YOUR OBJECTIVE –
Beginning at the line that contains "保利天曜南北两地块的住宅规划", output each line exactly through the end of the records, and drop any pictures.

────────────────────────────────────────

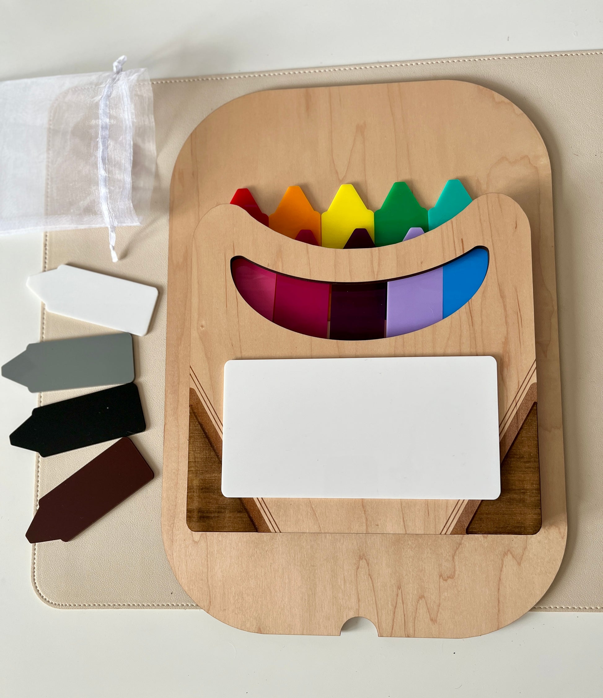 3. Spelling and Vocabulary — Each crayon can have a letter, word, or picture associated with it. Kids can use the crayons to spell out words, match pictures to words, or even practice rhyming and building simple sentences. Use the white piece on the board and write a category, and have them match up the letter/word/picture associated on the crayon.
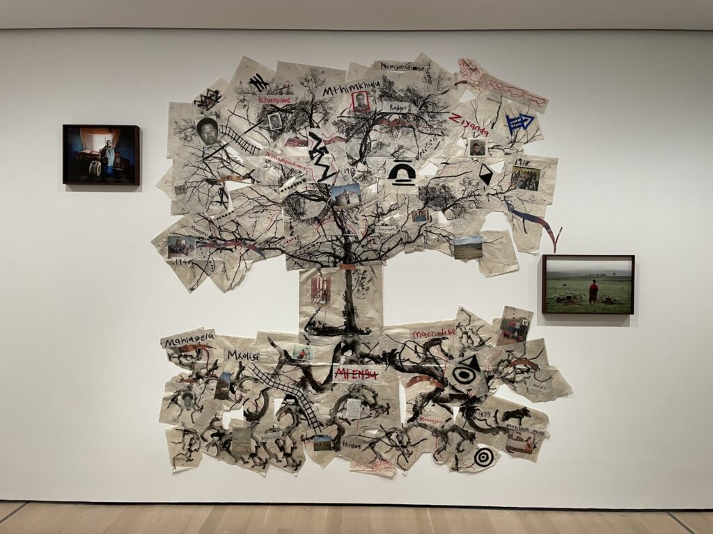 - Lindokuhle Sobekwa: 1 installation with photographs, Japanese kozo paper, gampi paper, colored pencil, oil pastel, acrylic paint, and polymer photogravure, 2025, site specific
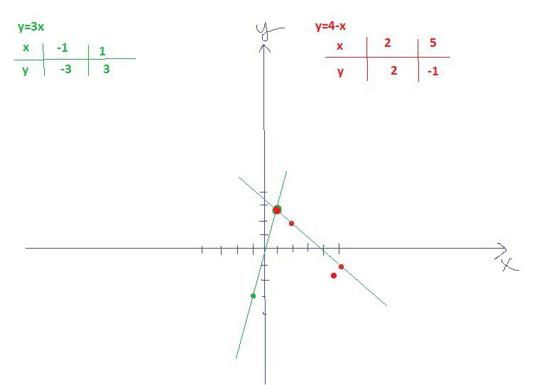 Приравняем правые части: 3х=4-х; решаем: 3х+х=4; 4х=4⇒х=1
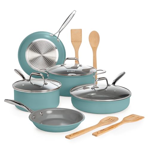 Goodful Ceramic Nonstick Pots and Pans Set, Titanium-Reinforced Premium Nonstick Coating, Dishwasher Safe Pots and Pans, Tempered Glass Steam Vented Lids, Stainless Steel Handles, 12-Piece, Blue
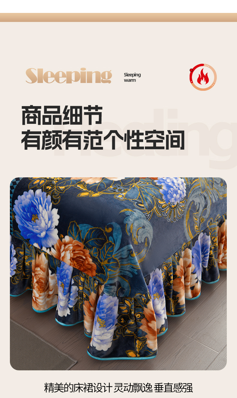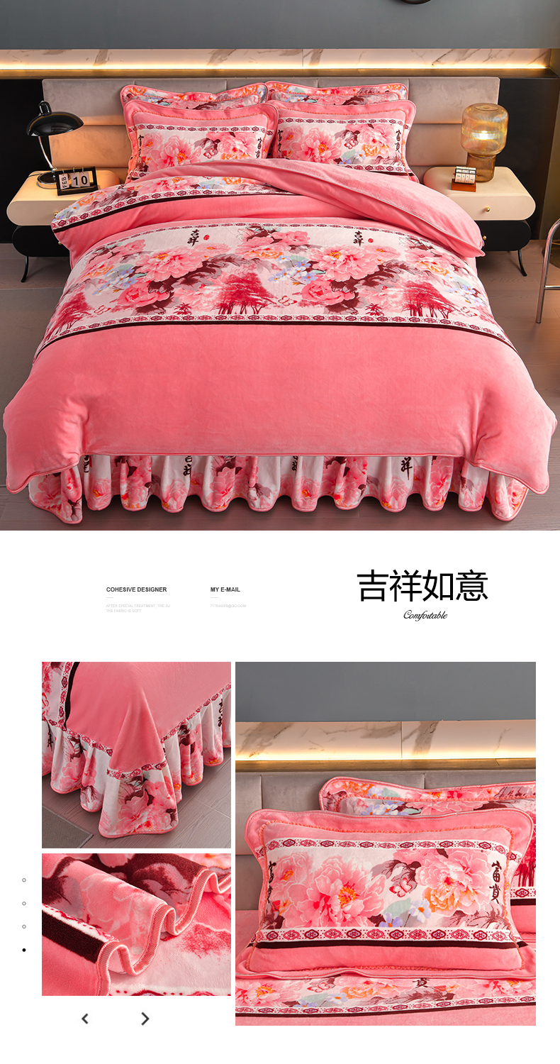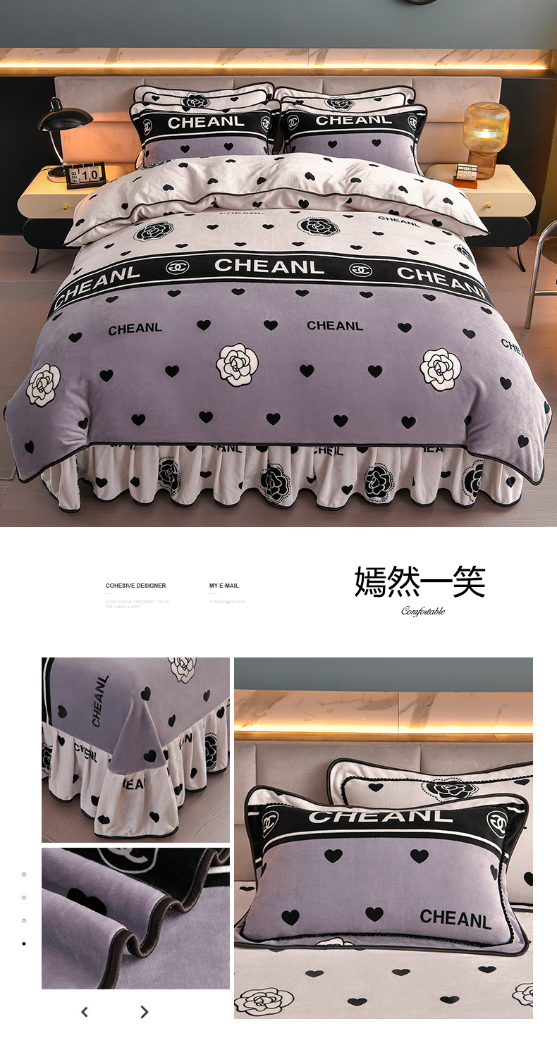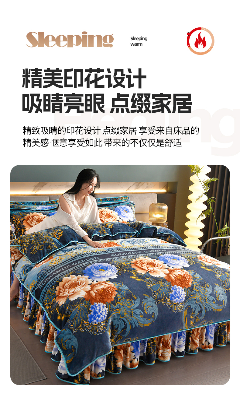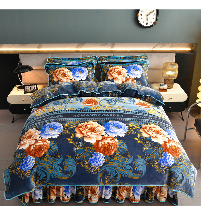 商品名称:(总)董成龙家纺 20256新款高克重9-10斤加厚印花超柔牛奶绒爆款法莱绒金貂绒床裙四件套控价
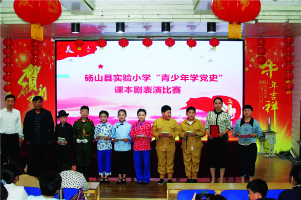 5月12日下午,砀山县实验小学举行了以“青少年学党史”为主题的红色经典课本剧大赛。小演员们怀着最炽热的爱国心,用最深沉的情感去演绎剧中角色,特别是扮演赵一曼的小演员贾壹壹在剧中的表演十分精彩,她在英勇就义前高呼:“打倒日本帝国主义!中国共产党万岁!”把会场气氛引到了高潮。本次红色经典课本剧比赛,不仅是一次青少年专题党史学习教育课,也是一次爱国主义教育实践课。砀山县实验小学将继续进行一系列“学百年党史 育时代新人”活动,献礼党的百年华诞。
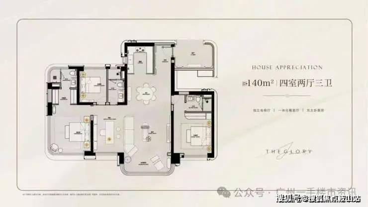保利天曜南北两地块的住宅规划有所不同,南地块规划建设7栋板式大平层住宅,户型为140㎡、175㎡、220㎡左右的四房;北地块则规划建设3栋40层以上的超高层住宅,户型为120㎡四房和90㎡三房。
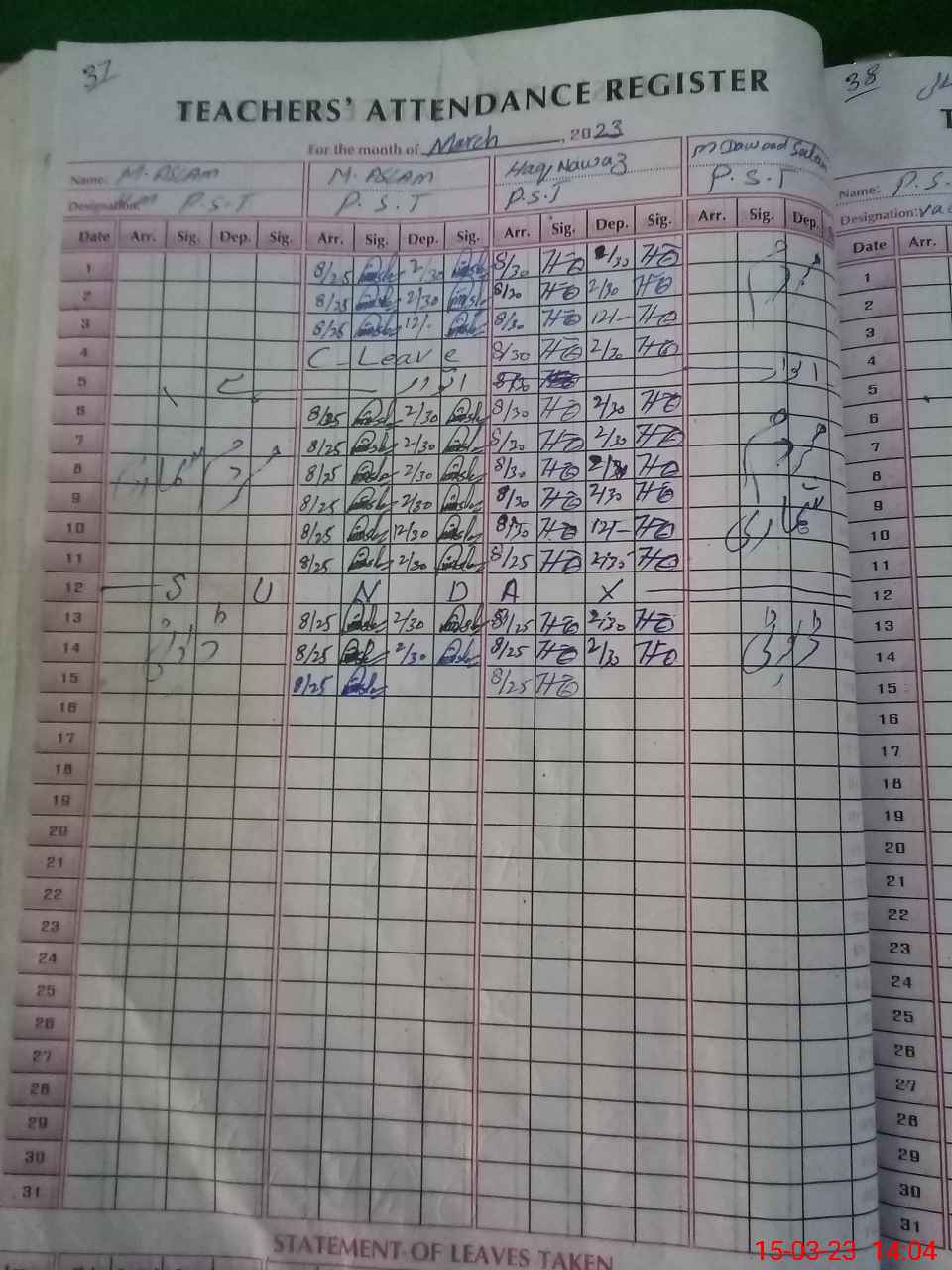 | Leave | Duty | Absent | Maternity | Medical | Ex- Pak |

────────────────────────────────────────

EXPECTED OUTPUT –
保利天曜南北两地块的住宅规划有所不同,南地块规划建设7栋板式大平层住宅,户型为140㎡、175㎡、220㎡左右的四房;北地块则规划建设3栋40层以上的超高层住宅,户型为120㎡四房和90㎡三房。
 | Leave | Duty | Absent | Maternity | Medical | Ex- Pak |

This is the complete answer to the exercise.